Я ощутила нарастающее напряжение. Девица выглядела слегка безумной, словно она собиралась броситься на меня и съесть.
— Что ты здесь делаешь? — спросила я тихо, но сурово, чтобы хоть как-то охладить ее пыл.
— Господин! — пробормотала девушка. — Я хотела бы подарить вам вот это…
Вдруг она резко дернула за свой пояс и ловко, как цирковая актриса, сбросила с себя платье, оставшись полностью обнаженной.
Я ужаснулась. Да что за день сегодня такой! Сколько еще я в ближайшее время смогу найти голых женщин на квадратный километр?
— Сейчас же оденься! — воскликнула я и по инерции сама бросилась к ней, пытаясь набросить одежду на ее хрупкие плечи. Однако вдруг она взмахнула своей тонкой ладонью прямо мне в лицо, и в мой нос ударил острый неприятный запах. У меня мгновенно закружилась голова, тело обмякло, так что я чуть не упала на эту девицу сверху, но буквально через несколько секунд слабость начала исчезать, а нахальные руки девушки, которые она уже набросила на мою шею, я сумела быстро сбросить обратно.

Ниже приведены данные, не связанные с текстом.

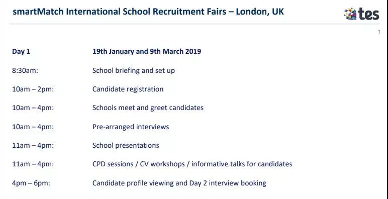 TES的网站平台在国际学校招聘领域影响力很大,但也会定期举办线下招聘会smartMatch Fair。TES每年1-3月在美国、澳洲、英国等有多场招聘会,2018年有超过40所国际学校300多位候选人参加TES伦敦招聘会。

Отшатнувшись, я увидела ее изумленно-испуганные глаза, без слов кричавшие: «Этого не может быть??? Что-то не сработало!!!», и тут же, развернувшись, побежала прочь, представляя, как несладко пришлось бы сейчас настоящему Алексу, в которого бросили, похоже, каким-то местным магическим приворотным порошком.
Около нашей с Оливом палатки уже стояла новая, чуть поменьше размером. Брата я не увидела, и во мне опять начала закипать злость и боль.
Поэтому, даже не пытаясь найти его или разузнать о состоянии спасенной графской дочери, я просто ворвалась в нашу пустующую палатку и завалилась прямо на спальные перины, которые так предательски пахли Оливом.
Я лежала на животе, зарывшись лицом в подушки, и снова была в депрессии. Правда, ко всему прочему все-таки примешивалось легкое головокружение, вызванное порошком от деревенской влюбленной барышни. Я закрыла глаза, чтобы забыться от одного и от второго, и довольно быстро погрузилась в сон.
Мне снился Олив. Он был так прекрасен и так… холоден! Он больше не любил меня. Даже, как брата! А я… а я задыхалась от любви! Я стенала от того, что находилась в темнице этого тела и хотела… исчезнуть!
Меня разбудили настойчивые толчки в плечо.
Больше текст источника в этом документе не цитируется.